Она оказалась сообразительной: не несла всем напоказ ведро или кувшин с водой. На одной руке у неё была плетеная корзинка, в другой она держала серп, будто собиралась жать траву для своей козы.
– Вот какая я догадливая, правда, дядечка? Як кто и увидит, всё одно ничего не подумает…

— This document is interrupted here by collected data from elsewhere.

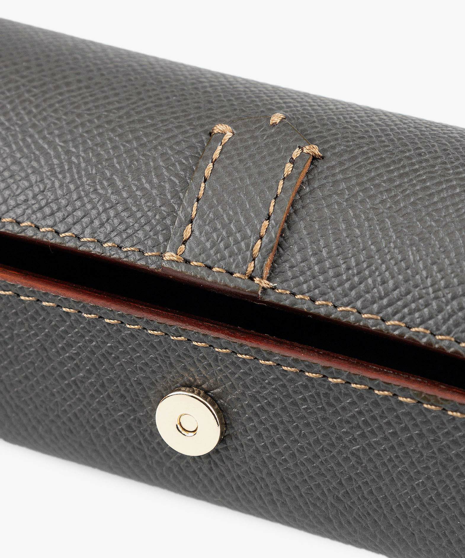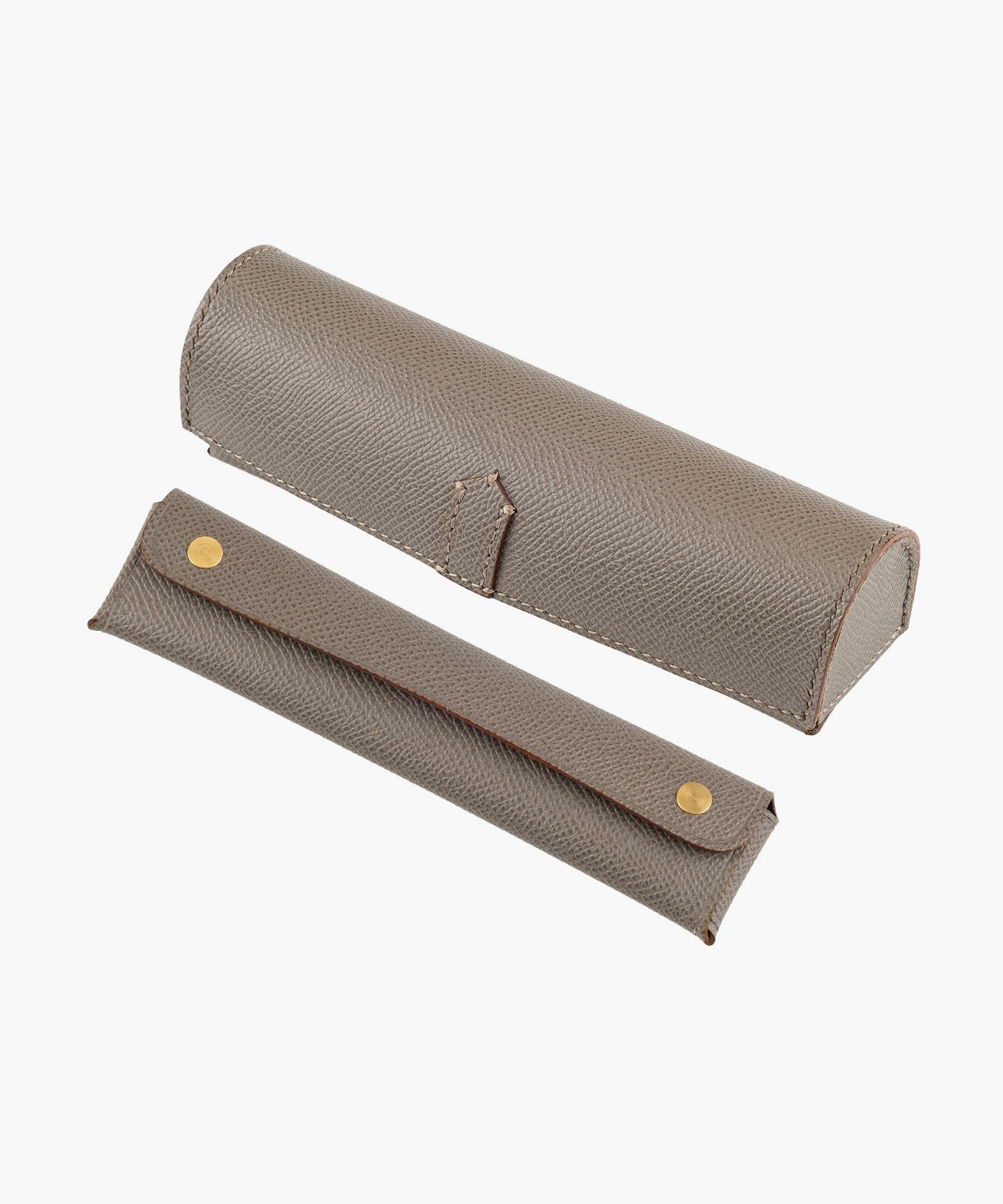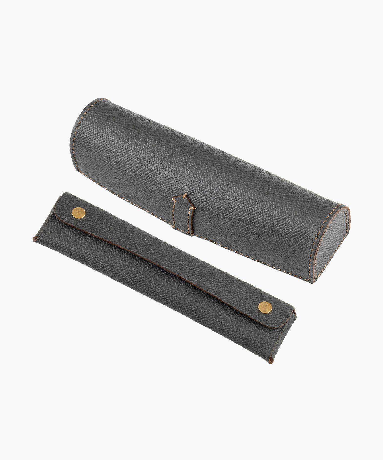 開いたまま置いておくとペントレーにもなり、外部からの衝撃を抑えるドーム状のフォルムが印象的な、ペンケース“HANGAR-M”。簡易ミニペンケースも付属し、単体として別で携えたり、中に入れてペンなどの仕分けをしたり、便利に使えるのも魅力。本体・付属品の外装には、有名老舗メゾンでも愛用されているフランス・アース社製「ダービー」を纏わせ、小キズ・汚れ・水分に強くてキレイに使い続けることも。内装には、ともに「ピッグスエード」を採用し、筆記具を保護するクッション性と手触りの良さが特長。ワンタッチで開閉できるマグネットホック式の開口部は、大きく開いて視認性と利便性を両立。1つの商品でありながら、2つのペンケースを扱え、ハイセンスな大人感をオンオフ問わず演出してくれる。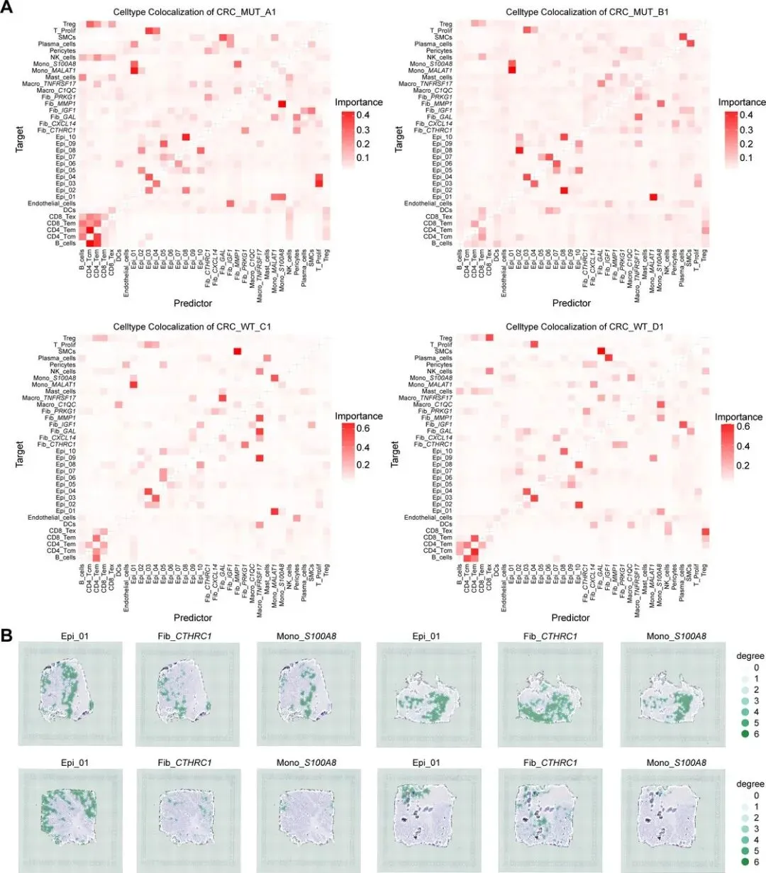 构建 KRASG12D/+; Villin-Cre 小鼠模型并建立 AOM/DSS 诱导结直肠癌模型,发现该模型小鼠肿瘤负荷更高、结肠更短、大肿瘤更多,肠上皮细胞中 KRASG12D 激活可促进癌症进展。对小鼠肿瘤组织 scRNA-seq 分析显示,其 TME 中成纤维细胞和髓系细胞比例显著升高,与人类 KRAS 突变 CRC 特征一致;成纤维细胞亚聚类后,KRAS 突变模型小鼠 Fib_CTHRC1 更丰富,髓系细胞亚聚类后 Mono_S100A8 比例和数量均增加。CellChat 分析证实,模型小鼠中 Fib_CTHRC1、Mono_S100A8 与 KRAS 突变上皮细胞间配体 - 受体信号显著增强,且存在与人类一致的 MDK-SDC4、COL1A1/COL1A2-ITGA2/ITGB1 信号轴,表明二者是促肿瘤生态位的关键功能成分,并非仅为生物标志物。对 3 例 KRAS 野生型和 3 例突变型 CRC 组织进行 mIHC 检测,以 CEACAM1(Epi_01 特异标志物)、EPCAM、CTHRC1、S100A8 为靶点,发现突变型肿瘤中三者荧光强度更高且存在空间共定位(CEACAM1 与 S100A8 共分布,CTHRC1 部分共存或分布于边缘),ST 数据与 mIHC 结果一致。研究证实,KRAS 突变上皮细胞通过 MDK_SDC4 信号招募 Mono_S100A8,Fib_CTHRC1 分泌胶原蛋白既促进肿瘤侵袭,又形成物理屏障,三者协同构建突变型 CRC 特有的免疫抑制微环境。本研究通过单细胞与空间转录组的跨技术整合,首次揭开了 KRAS 突变结直肠癌免疫抑制微环境的空间架构和分子机制,定义了全新的 “细胞三联体” 生态位模式。这一发现不仅深化了我们对 KRAS 突变驱动肿瘤进展的理解,更提供了可转化的生物标志物和治疗靶点,为突破 KRAS 突变结直肠癌的治疗瓶颈开辟了新路径。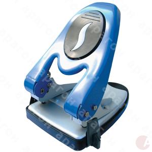 Дырокол большой с ограничительной линейкой и фиксатором. Металлический корпус. Два способа открытия контейнера. Специальная подошва не скользит по поверхности и не царапает ее. Расстояние между пробитыми отверстиями 80 мм. Диаметр пробитого отверстия - 5,5 мм. Пробивает до 60 листов.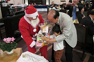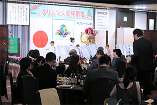 2015年12月17日に毎年恒例のクリスマス夜間例会が開催されました。会員や会員家族,青少年交換留学生のクリスティーナ嬢など,大勢の方々が参加されました。サンタ(?)の登場や,懐メロなっちゃんの歌のステージ,大抽選会等で大盛り上がりでした。最後は皆で手を取り「 手に手つないで 」の合唱で締めでした。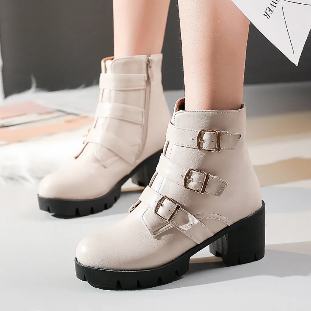 Модные однотонные ботинки на молнии с круглым носком; винтажные женские ботинки на квадратном каблуке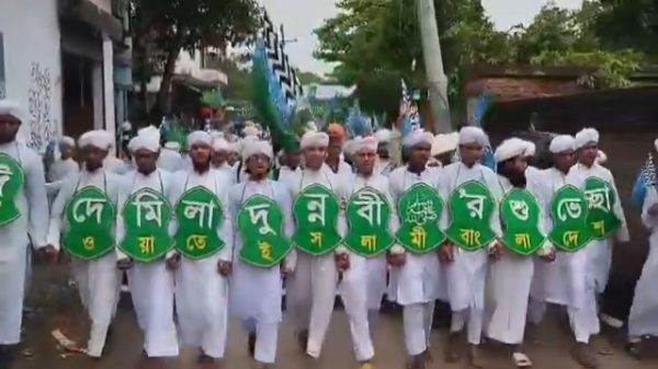 মুন্সীগঞ্জ প্রতিনিধিঃ পবিত্র ঈদে মিলাদুন্নবী (সা:) সাল্লাল্লাহু আলাইহি ওয়াসাল্লাম উপলক্ষে দা’ওয়াতে ইসলামী বাংলাদেশ মুন্সীগঞ্জ জেলার উদ্যোগে বিশাল জশনে জুলুস বের করেছে। সোমবার (১৬ সেপ্টেম্বর) জেলা শহরের পশ্চিম দেওভোগ আলা হযরত রোড, মাদরাসাতুল মদিনা ও জামিয়াতুল মদিনা থেকে বের হয় জশনে জুলুস।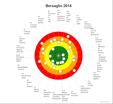 Il Sistema di valutazione delle performance del sistema sanitario é stato progettato dal Laboratorio management e sanità della Scuola superiore Sant'Anna di Pisa, diretto da Sabina Nuti, professore di economia e gestione delle imprese, che ha presentato all'Assessorato alla Sanità i risultati del "Bersaglio 2014" e discusso i risultati con i dirigenti della sanità provinciale e gli operatori sanitari e amministrativi dell'Azienda Sanitaria. Sono circa 200 gli indicatori selezionati per lo studio, tra cui lo stato di salute della popolazione, la capacità di perseguire le strategie provinciali, la valutazione sanitaria, la valutazione dell'esperienza degli utenti e dei dipendenti e la valutazione della dinamica economico-finanziaria e dell'efficienza operativa. I risultati sono appunto rappresentati tramite uno schema a bersaglio, che offre un intuitivo quadro di sintesi della performance ottenuta in Alto Adige, illustrandone punti di forza (settore verde) e punti di debolezza (rosso).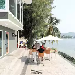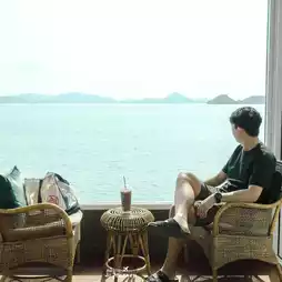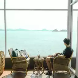 There are so many photo spots here. There are two floors and an outdoor seating area to sit and enjoy the breeze. Whether you want to see the sea view from a high angle or sit outside and enjoy the breeze, I can tell you that it's all good. The atmosphere is super nice.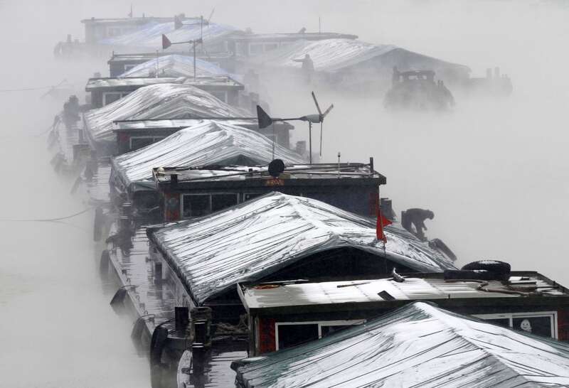 1997年, 浙江余杭老船民钱盛祥(左二)一家四代住在船上,古老的大运河成为他们一家生活的唯一指靠。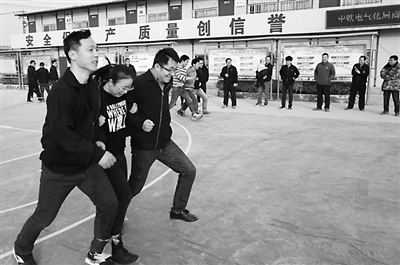 2017年12月30日,中铁电气化局铁路工程公司商合杭项目部在安徽亳州举办了“庆元旦迎新年”趣味运动会。比赛项目由员工自己设计,将工地特色与趣味性、娱乐性融为一体,赢得员工青睐。 倪树斌 摄
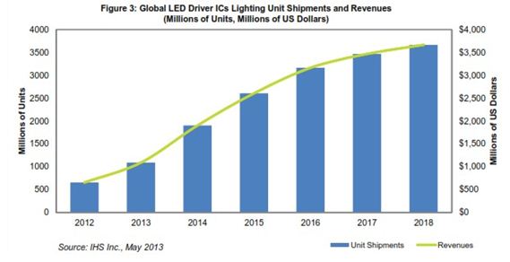 今年照明將超過手機,成為最大的LED驅(qū)動IC領域,到2018年營業(yè)收入預計將達8.1億美元。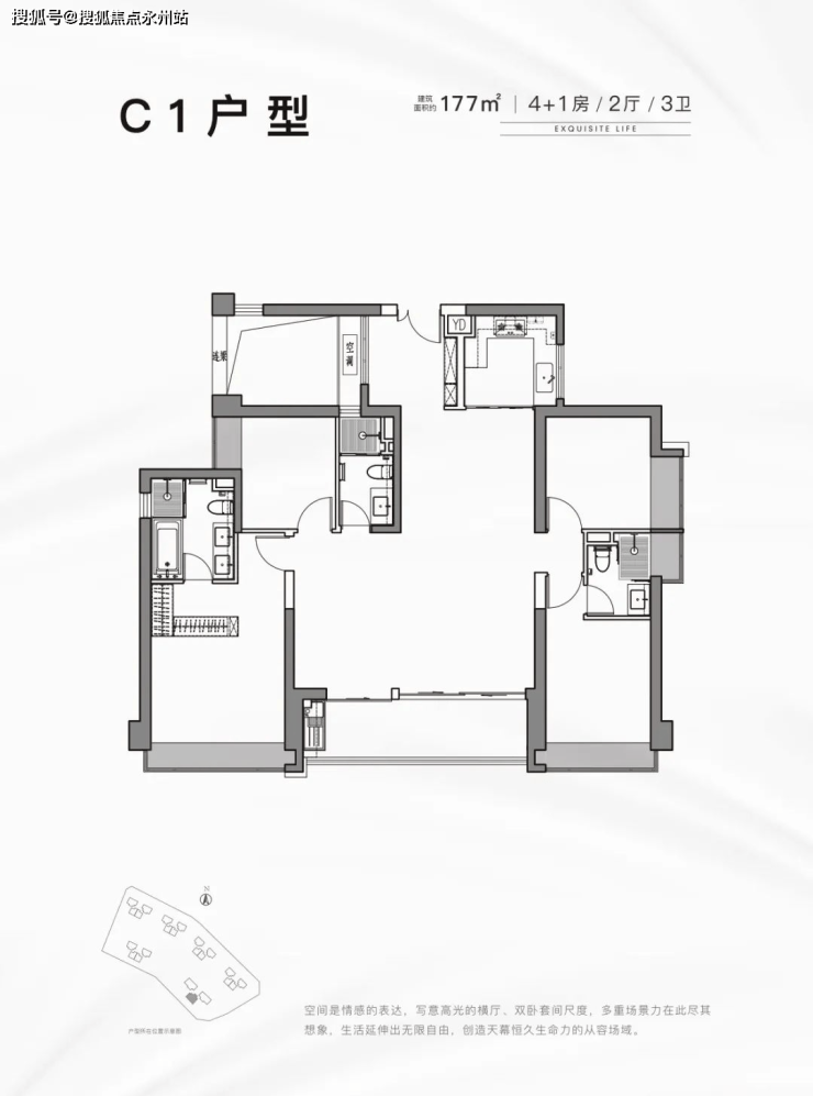 177㎡及185㎡占据整个板块C位,设计了3梯3户大户型,特别是177户型,和185㎡同样作为四房设计,但是这种方正且双龙抱珠户型在东部楼市也很少见,使用功能相当,总价更有优势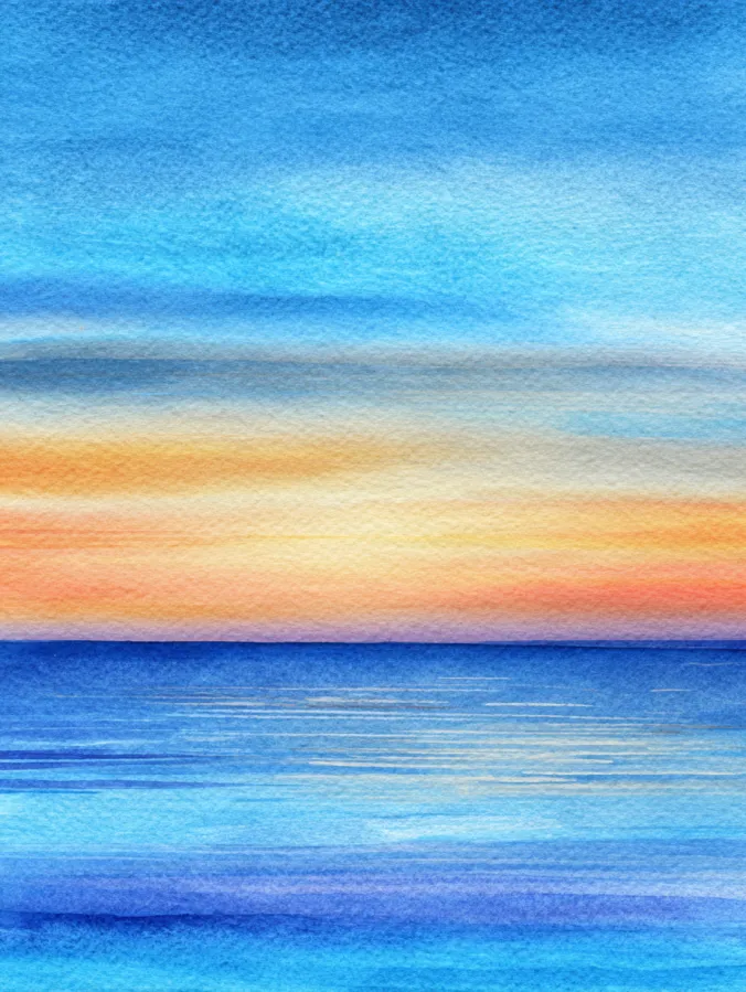 This painting shows a peaceful ocean scene made up of soft horizontal layers that blend from warm sunset tones into cool blues. The sky fades gently from pale gold and peach into light blue, while the water mirrors those colors with subtle ripples and loose brush strokes. Everything feels balanced and open, with smooth transitions and minimal detail that let the watercolor textures shine.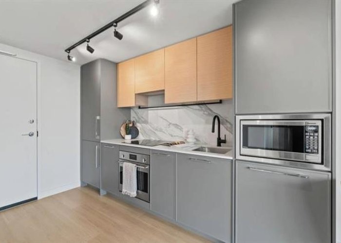 Brand new 2025-built condo on the 32nd floor with stunning east-facing views of the city and mountains! Featuring rare 12ft ceilings, premium Fulgor appliances, quartz counters, wide plank flooring, in-suite laundry, EV parking, and storage. Enjoy top-tier amenities: rooftop patio with outdoor theatre, gym, coworking lounge, and more. Steps to SkyTrain, shops, and dining—urban living at its finest!

– Молодец! – сказал Шевелев. – Посмотри как следует: никого не видно? А потом сядь спиной ко мне, будто ты свою козу пасешь, а сама поглядывай. Если кто появится, иди к нему, чтобы отсюда увести.
Девчушка послушно всё выполнила, осторожно опустила корзину в канаву, и Шевелев припал к чайнику с холодной водой.
– Ну, спасибо! – сказал он. – Как же тебя зовут, спасительница?
– Марийка. Марийка Стрельцова меня зовут, – как послушная школьница в классе, ответила девчушка. – А вас?
– Михаил… Михаил Иванович.
– То вы оттуда? – кивнула Марийка в сторону реки. – И ото все лежат побитые? Прямо страх божий смотреть… А как же вы, дядечка?
– А я ночью сюда приполз. Ходить не могу, нога у меня раненая. Слушай, Марийка, ты здесь все места знаешь. Где бы мне спрятаться, пока нога подживет?
– Так а где ж прятаться? В хате. Не в погребе же – там холодно и жабы прыгають…
– Жабы не самое страшное. Там небось лестница. Лестницу мне не одолеть.
– А где ж ещё? В сарае? Что вы, зверюка какая, чтобы в сарае жить?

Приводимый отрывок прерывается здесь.